Exercise:
Quote exactly the lines from the one with "Mas eu quero" to the end of the data, both included; omit the pictures.

Dataset excerpts:
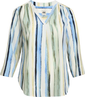 Blurred stripes enliven this smooth V-neck top finished with a tuckable curved hem.
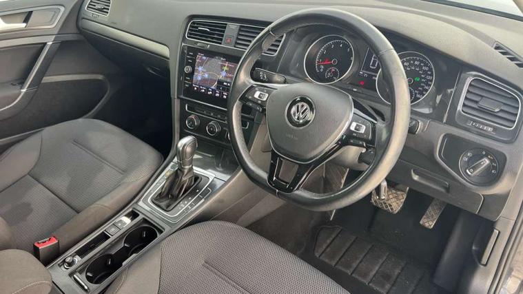 'Lights On' Reminder warning buzzer, ACC - Adaptive cruise control with front assist, forward collision warning, distance monitoring, city emergency brake and speed limiter, Bluetooth telephone and audio connection for compatible devices, Brake pad wear indicator warning light, Driver alert system, Driver profile selection, Driving Mode Selection with four preset modes - Eco, normal, sport or individual modes, Instrument cluster in white, Multifunction computer with visual gear change recommendation for fuel consumption, Power assisted speed sensitive electro-mechanical steering, Push tank flap, Speed limit display, Speedo, rev counter, electronic odometer, trip, service interval display, exterior temperature and fuel gauge, Stop/start system, Warning buzzer and light for front seatbelts unfastened, Battery regeneration during braking, XDS electronic differential lock, Composition media system, DAB Digital radio receiver, Driver Personalisation profile selection, MP3/WMA compatability, Multi device interface (MDI) with USB connection, Personalisation 1.1 profile for media, Premium USB cable in choice of either Apple or Android smartphone compatibility, SD card slot, SMS Functionality, USB and SD card connectivity, Black front air intake and radiator grille with chrome insert, Black rear diffuser, Body colour bumpers, Body colour door handles, Body colour door mirrors with integrated indicators, Dusk sensor + automatic driving lights, Electric front windows, Electric rear windows, Electrically adjustable and heated door mirrors, Fully galvanised body, Heated rear windscreen, Hidden exhaust pipe, High level 3rd brake light incorporating LED Technology, LED daytime running lights, LED front fog lights with static cornering light function, Rear fog lamp, Rear tinted glass 65% light absorbing from B pillar backwards, Rear window aerial, Rear window wash/wipe with intermittent wipe, Reflectors in all doors, Tailgate with integrated rear roof spoiler, Windscreen wipers/ intermittent wipe + 4 position delay, 12V socket in luggage compartment, 3 rear headrests, 4 load lashing points in luggage compartment, 60/40 split folding rear seat backrest, Auto fold down lever in rear seat backrest, Bag hook in luggage compartment x 2, Cooled glovebox, Cupholder cover, Dust/pollen filter, Front and rear reading lights incorporating LED technology, Front centre armrest with storage compartment and two rear air vents, Front seat back storage pockets, Grab handles front x 2, rear x 2 with integrated coat hooks, Height and reach adjustable steering wheel, Illuminated vanity mirrors, Instrument lighting white adjustable panel illumination, Interior light delay, Isofix preparation for 2 rear child seats, Load through provision with rear centre armrest and cupholders x2, Luggage compartment lighting, Overhead storage box, Passenger underseat drawer, Pearl grey headlining, Storage box in luggage compartment, Storage compartment in roof console with cover, Storage compartments in centre console, Storage compartments in front doors, Storage compartments in rear doors, Stowable luggage compartment cover, Sun visors, Variable boot floor, height adjustable and removable, Convenience Pack - Golf, Light and Sight pack - Golf, Mirror pack - Golf, 3 rear three point seatbelts, Airbags - Driver's and front passenger's, curtain airbag, Driver's knee, front side impact and passenger's airbag deactivation switch, Anti-lock Braking System (ABS) with Hydraulic Brake Assist (HBA), Automatic post collision braking system, Child locks on rear doors, Driver/Passenger optimised head restraints, Electronic parking brake with auto hold, Electronic stability control (ESC) including Electronic differential lock (EDL) and ASR (Traction control) with deactivation via infotainment system, Front ventilated disc brakes and rear disc brakes, Pre crash preventive occupant protection, Three point height adjustable front seatbelts with tensioners, Tyre pressure loss indicator, Alarm with interior protection and deactivation via infotainment system, Electronic engine immobiliser, Remote central locking with 2 remote folding keys, Brushed dark silver decorative inserts in dash and door panels, Chrome plated air vent surround, Chrome plated electric mirror adjustment light switch surround, Polar night black centre console, Steel space saver spare wheel,
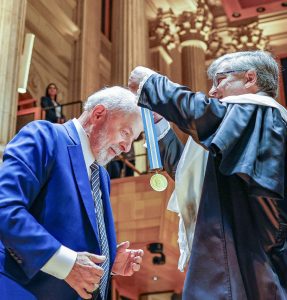 Mas eu quero cumprimentar a USP por um motivo muito especial. A cada dia que passa, ela vai ficando cada vez mais com a cara do Brasil. Uma cara que é preta, uma cara branca, uma cara parda, uma cara indígena. Não é mais a USP pensada para que São Paulo oferecesse ao Brasil a inteligência para governar esse país, mas é a cara do povo brasileiro da periferia, que, durante muitas décadas, nem sonhava em chegar na USP, e hoje é praticamente mais da metade da USP e isso é um prazer extraordinário.
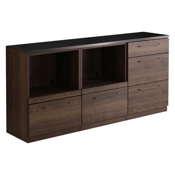 オープン収納×2+引き出し収納 幅1800×奥行440×高さ850mm ウォルナット SH-22-CKS180-AAC 1台(直送品)
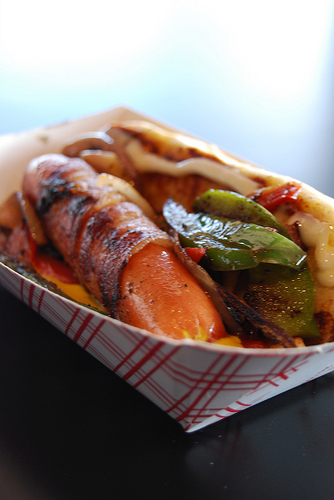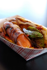Another item of note that was consumed was their TJ hotdog: an all-beef hotdog wrapped in bacon and topped with ketchup, mustard, mayo, grilled onions and peppers. At $1.50 the price was right but the combination of all the ingredients did not rest well with me. But I suspect that it faired better with me than, say, actually eating it from a hotdog cart in Tijuana. It was a nice effort on their part but something I would skip altogether next time. If I wanted something to remind me of Tijuana, I would instead order the pineapple-flavored Jarritos they had available.

Written solution:
 Mas eu quero cumprimentar a USP por um motivo muito especial. A cada dia que passa, ela vai ficando cada vez mais com a cara do Brasil. Uma cara que é preta, uma cara branca, uma cara parda, uma cara indígena. Não é mais a USP pensada para que São Paulo oferecesse ao Brasil a inteligência para governar esse país, mas é a cara do povo brasileiro da periferia, que, durante muitas décadas, nem sonhava em chegar na USP, e hoje é praticamente mais da metade da USP e isso é um prazer extraordinário.
 オープン収納×2+引き出し収納 幅1800×奥行440×高さ850mm ウォルナット SH-22-CKS180-AAC 1台(直送品)
Another item of note that was consumed was their TJ hotdog: an all-beef hotdog wrapped in bacon and topped with ketchup, mustard, mayo, grilled onions and peppers. At $1.50 the price was right but the combination of all the ingredients did not rest well with me. But I suspect that it faired better with me than, say, actually eating it from a hotdog cart in Tijuana. It was a nice effort on their part but something I would skip altogether next time. If I wanted something to remind me of Tijuana, I would instead order the pineapple-flavored Jarritos they had available.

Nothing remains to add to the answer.